Des victimes collatérales des sanctions américaines · En proie à une forte dévaluation de sa monnaie nationale et à un retour des sanctions américaines, l’Iran voit chaque mois partir des centaines de travailleurs afghans clandestins installés sur son territoire. Une population autrefois honnie, mais pourtant considérée comme un atout dans les secteurs de la restauration, du bâtiment et de l’agriculture.

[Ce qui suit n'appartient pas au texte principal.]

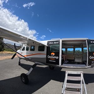 After we were called, the instructor gave us a brief explanation and helped us put on the equipment. Then, we filmed a video in front of the Gojump flag before boarding the jet. The jet can hold about 16 people, so it feels cramped. Since the jet runs backward, those who get motion sickness might feel uneasy. It ascends to a considerable height in just a few minutes. They opened the window along the way to show us the view, which was amazing but a bit cold. Long sleeves and long pants might be better.
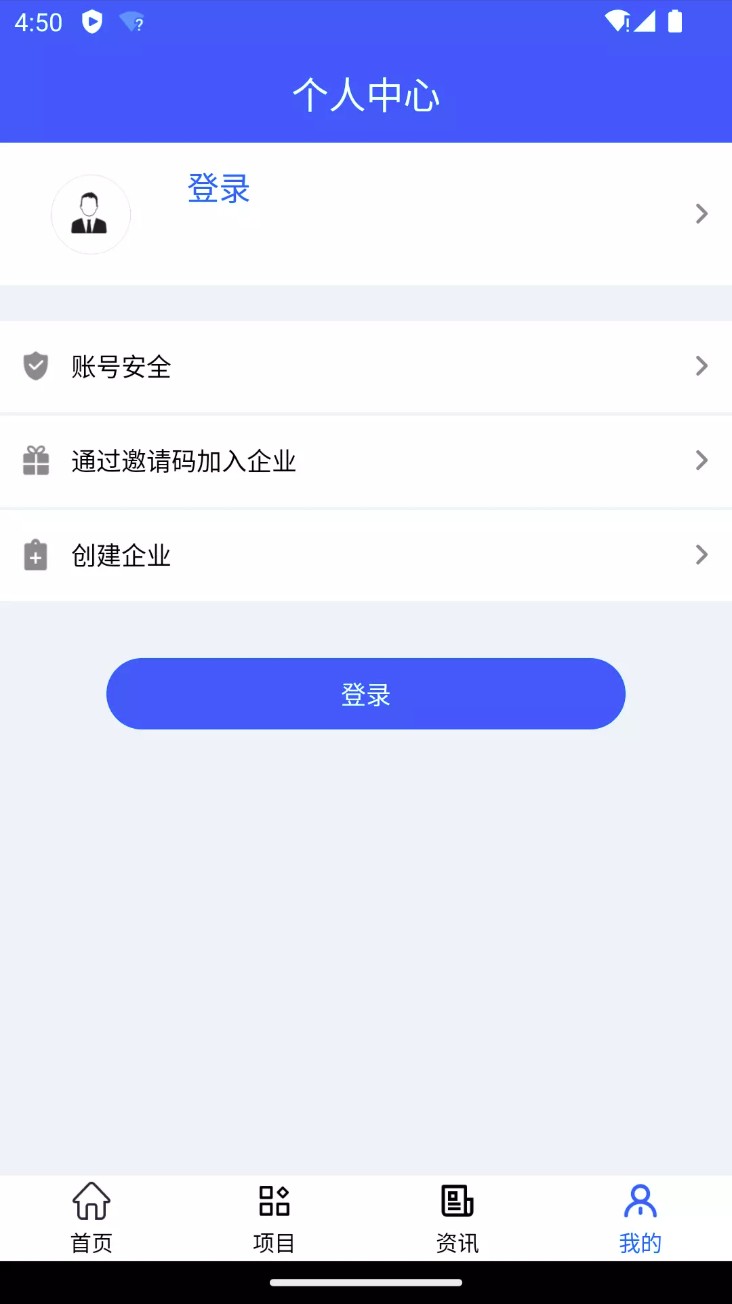 在"我的"页面可进行账号安全设置、加入企业、创建企业及查看隐私政策与用户协议,个人信息管理一目了然。
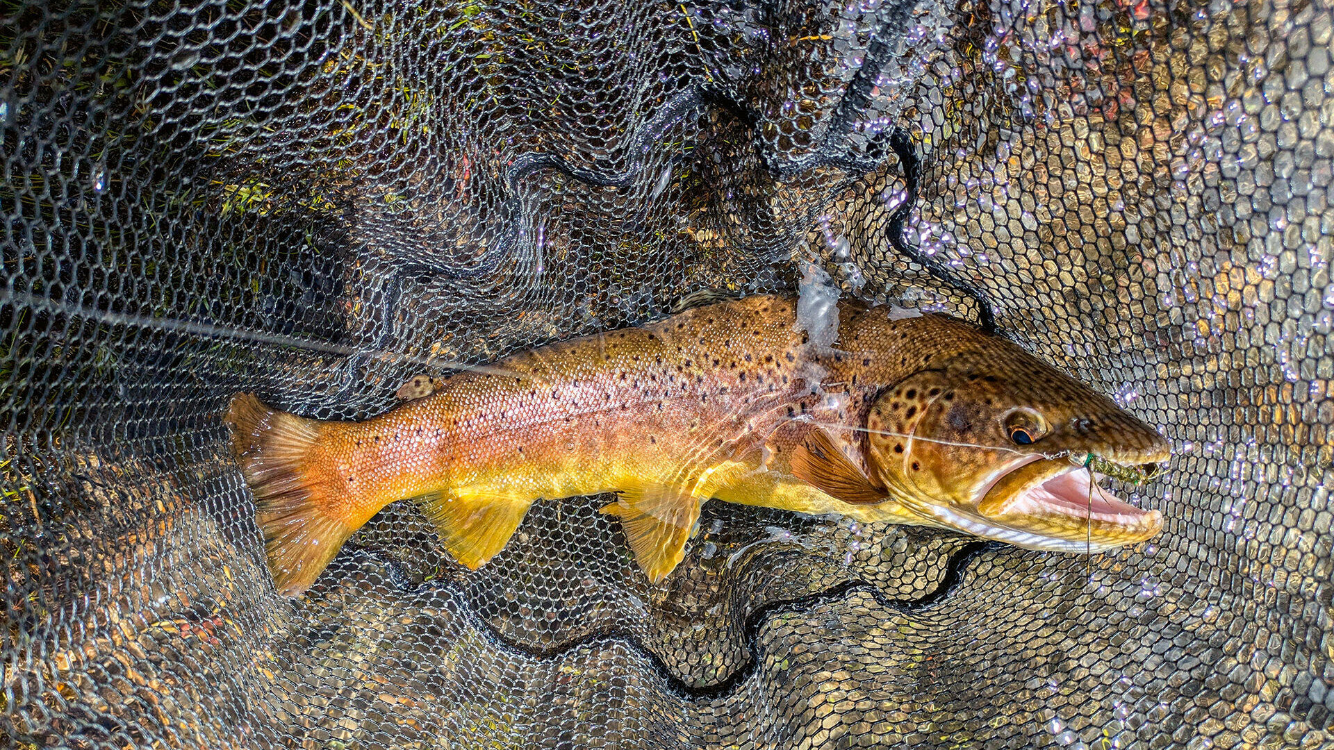 Die beiden sind noch nicht ausser Sicht, da habe ich meine Streamerrute bereits demontiert. Ans Ende des Vorfachs binde ich einen selbstgebundenen «Heugümper». Und tatsächlich! Fische, die meine Avancen bisher abgewiesen haben, steigen zur Oberfläche und lassen sich fangen.

© Sobhan Farajvan, 21 août 2018

Ils sont assis en tailleur. Certains ferment les yeux, d’autres se touchent le ventre. Le temps de quelques heures hebdomadaires, ces réfugiés afghans prennent des cours de yoga dans une salle d’un immeuble de Valiasr Square, à Téhéran. Ghassem, leur professeur, est l’un des leurs. Son accent persan est fluide et trahit de longues années d’exil loin de son pays d’origine. À la fin de la séance, il salue quelques élèves puis se rassoit pour converser autour de ses compatriotes : « La présence de chaque Afghan en Iran a une raison. Nous fuyons les guerres et les bombes. Nous partons parce que nous ne pouvons pas gagner d’argent pour nos familles. Alors nous travaillons plus dur ici pour les soutenir. Nous faisons face au racisme en Iran et nous n’avons pas de droits, comme celui d’aller facilement à l’école ou de postuler à un cours dans un institut privé ou public. » L’homme de 45 ans avoue avoir plaisir de rester au contact de ses concitoyens. Chaque semaine, des élèves apparaissent, puis disparaissent. Mais la rotation dans sa classe s’est accélérée depuis l’annonce du retrait des États-Unis des accords de Vienne sur le nucléaire iranien, acté le 8 mai 2018.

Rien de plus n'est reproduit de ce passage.